Real Time Handwritten recognition CHALLENGE
(Recognizing digits in the wild)
Hello everybody I have been reading this thread since I joined this wonderful course a month ago and I think this thread is amazing, so many high quality projects in one place.
Now, I want to share a little project that I have been developing this week. My intent was to build a reliable app for handwritten digit recognition under adverse conditions (with a pen tip that changes its size and color during the drawing process) using the MNIST dataset. If you want, you can play with the app using the following link (EDIT – SUPPORT ADDED FOR TOUCH SCREEN DEVICES)
As shown in the figure above, the width and color changes as a digit is drawn and cold colors (like blue) generate low intensity strokes, (you can see this when the images are converted into an MNIST format image). So I think this app is a good way to challenge the true performance of any neural network architecture.
Interesting results
As humans we tend to associate abstract ideas to familiar concepts, for example you can see an smiling face just here ( = ) ). So I tested if the networks that I trained share this ability of recognizing abstract representations of a digit, but at difference with the pathological cases of the MNIST set (where some digits are unrecognizable for any human being), I used representations which are easily recognizable for any of us. In the image below I shown examples for the following numbers:
row1: 4 8 5
row2: 6 7 4
I was amazed with the performance of the nets, so I pushed them a bit further in its ability to recognize abstract representation of digits with the following images.

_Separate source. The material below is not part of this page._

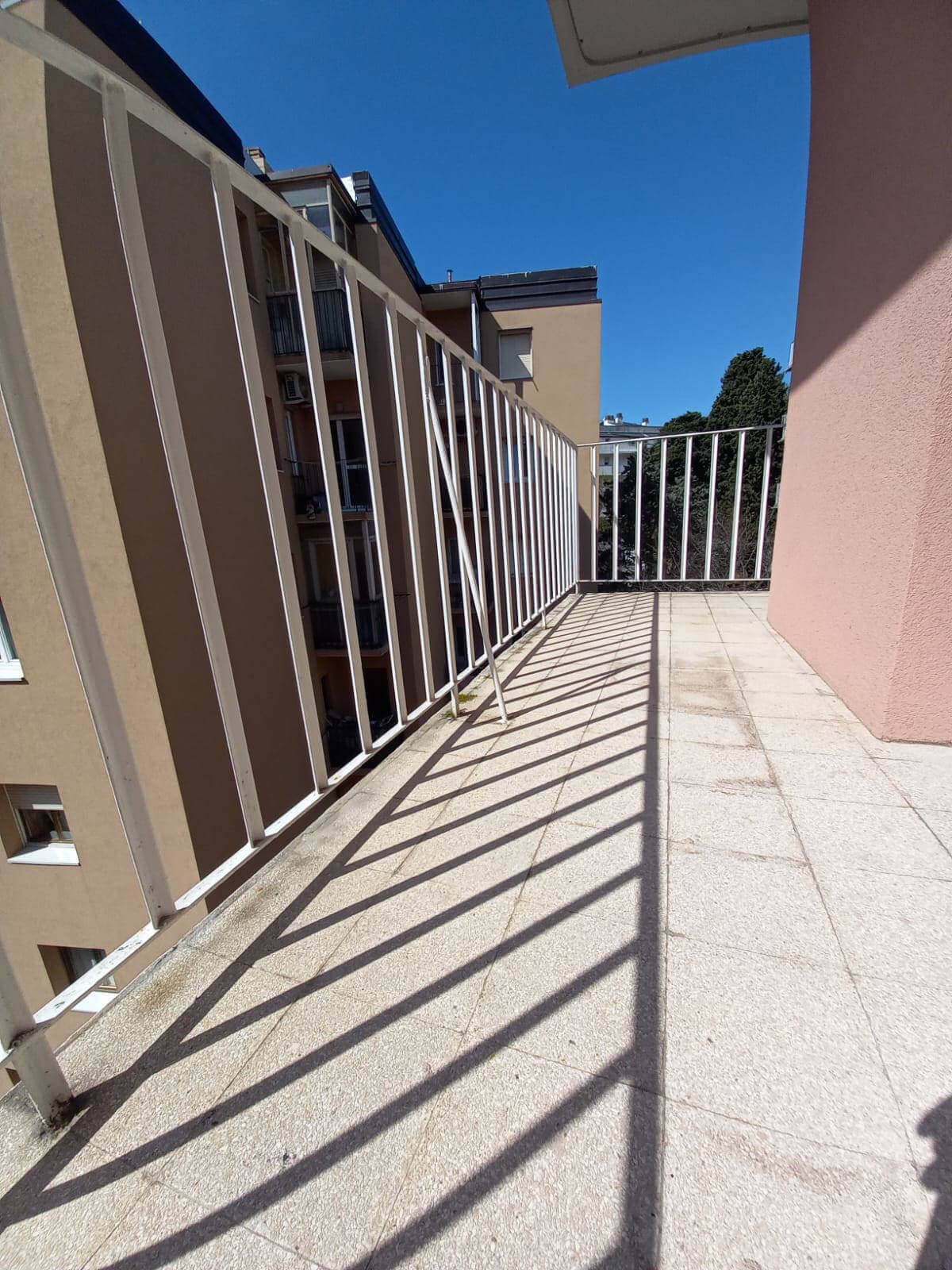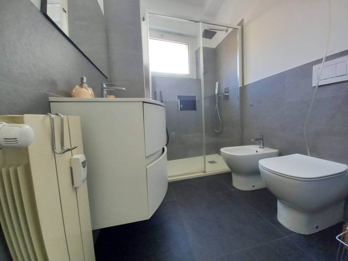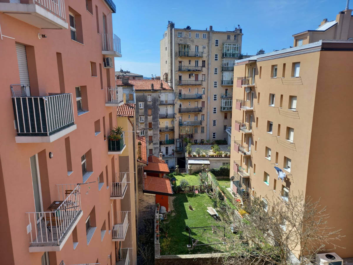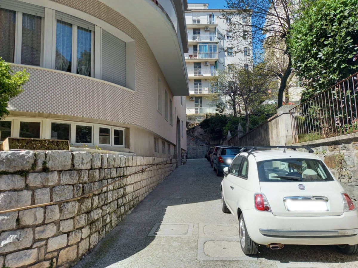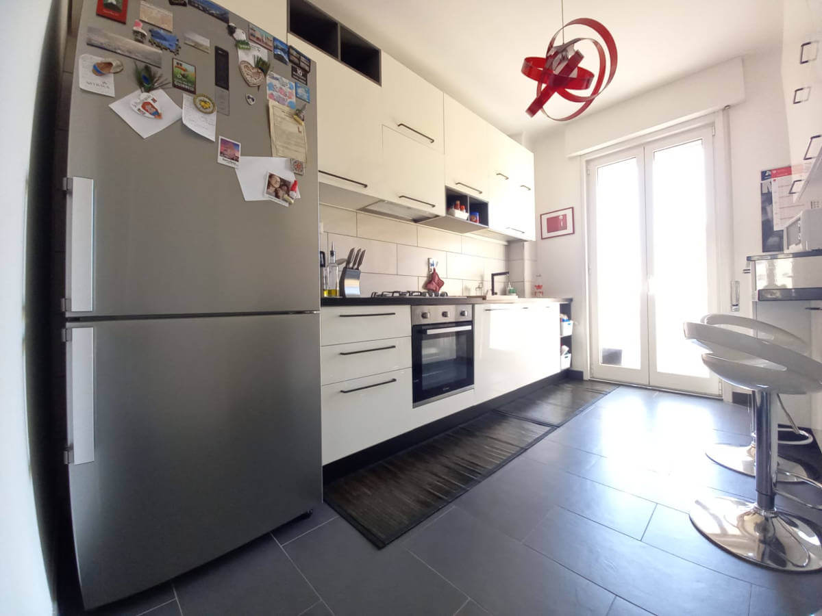 L’alloggio molto luminoso situato al quinto piano di uno stabile servito da ascensore, si compone da ingresso, grande soggiorno molto luminoso con vista aperta, cucina abitabille con poggiolo, due stanze matrimoniali di cui una gode di grande poggiolo, stanza singola/studio e due bagni finestrati ristrutturati con gusto.

Particularly a challenging one was the digit “4”. I drew it as descending stairs from heaven with a rainbow waterfall at the background (yeah all that is there, you can see it? ) and the net can do it very well, it chooses the number 4 but it also get doubts and give it a chance (a probability) to the number 1 (a very reasonable choice).
Who are those neural nets?
To make the things fun I decided to test three different neural networks architectures to see which one generalized better on unseen samples, the architectures are:
-
The “resent-ish” CNN coded by Jeremy in this notebook
-
The “lenet-like” CNN based on this kaggle kernel , (I code only one of the fifteen CNNs that are originally proposed)
-
The “Capsule net”, the capsule net is a very cool and clever idea which make used of spatial information contained inside the image to improve its performance. Indeed I found the capsule net amazing because for me the idea behind the routing agreement algorithm looks very similar to the idea behind the determination of eigenstates in quantum physics. I use this GitHub repo to build the network
Which one performed better?
I didn’t make any rigorous statistical analysis to answer this question, so all I can to say is subjective to my experience testing each network while I was playing around with the app. At the begging the best one was the resnet-ish cnn, because I trained the other two using pure pytorch but I found hard setting the right hyperparameters. Letter on I trained the “lenet-like” using fastai and its performance increase considerably. So right now I can say both, the “resnet-ish” and the “lenet-like” architectures performed equally well under the conditions of my app.
With respect to the capsule net, I tried trained it using fastai but I can’t achieve good results at all, (the net made very obvious mistakes and always show a very high training and validation losses for all the learning rates I tried ). Indeed this is an interesting result and I will try to review why is this happening.
So I trained capsule net using pure Pytorch (following the condition stated in the paper, using Adam and without schedulers). After my training with Pytorch, the capsule network performs almost as well as the other two, but not as well. It has troubles in recognizing digits written at the corners of the drawing area. Also I have to include the same random affine transformations I used for the other two networks during the training process to improve its performance (scaling (0.5, 1.3) , rotations (15º), and translation (0.1)). That is interesting because in theory this networks doesn’t required of this kind of data augmentation to generalize on unseen rotated or shifted samples of the same kind of images used during training.
The capsule network works as an inverse decoder. How do the reconstructed images look like?
Yeah, another cool feature of the capsule net, is that it works as an inverse image decoder, so it’s possible extract the image that the neural net “think” it is seen. Below I show interesting examples of this.
At the left is the drew digit and at the right is the reconstruction performed by the network. As you can see, in the last image the net confused a zero with a nine
Why the capsule network wasn’t the best performer?
Quoting the original paper
There are many possible ways to implement the general idea of capsules. The aim of this paper is not
to explore this whole space but simply to show that one fairly straightforward implementation works
well and that dynamic routing helps
So, maybe the current architecture isn’t the best one possible to implement the idea. That was also one of my motivation for this project.
Is the code available?
Yeah, you can get the code from my GitHub repo. There, I wrote an easy to follow guide (I think) explaining how you can easily add your own architectures to the app or how you can use the ones that are already available (resnet-ish, lenet-like and caps-net). So you don’t need to waste your time understanding my code, you only need to named your net architecture trained with fastai or pytorch (saved them as a .pkl or .pth), put them inside a folder and that’s all, you can have some fun drawing abstract representations of digits in your screen and “test” how good your nets performs under this hard conditions.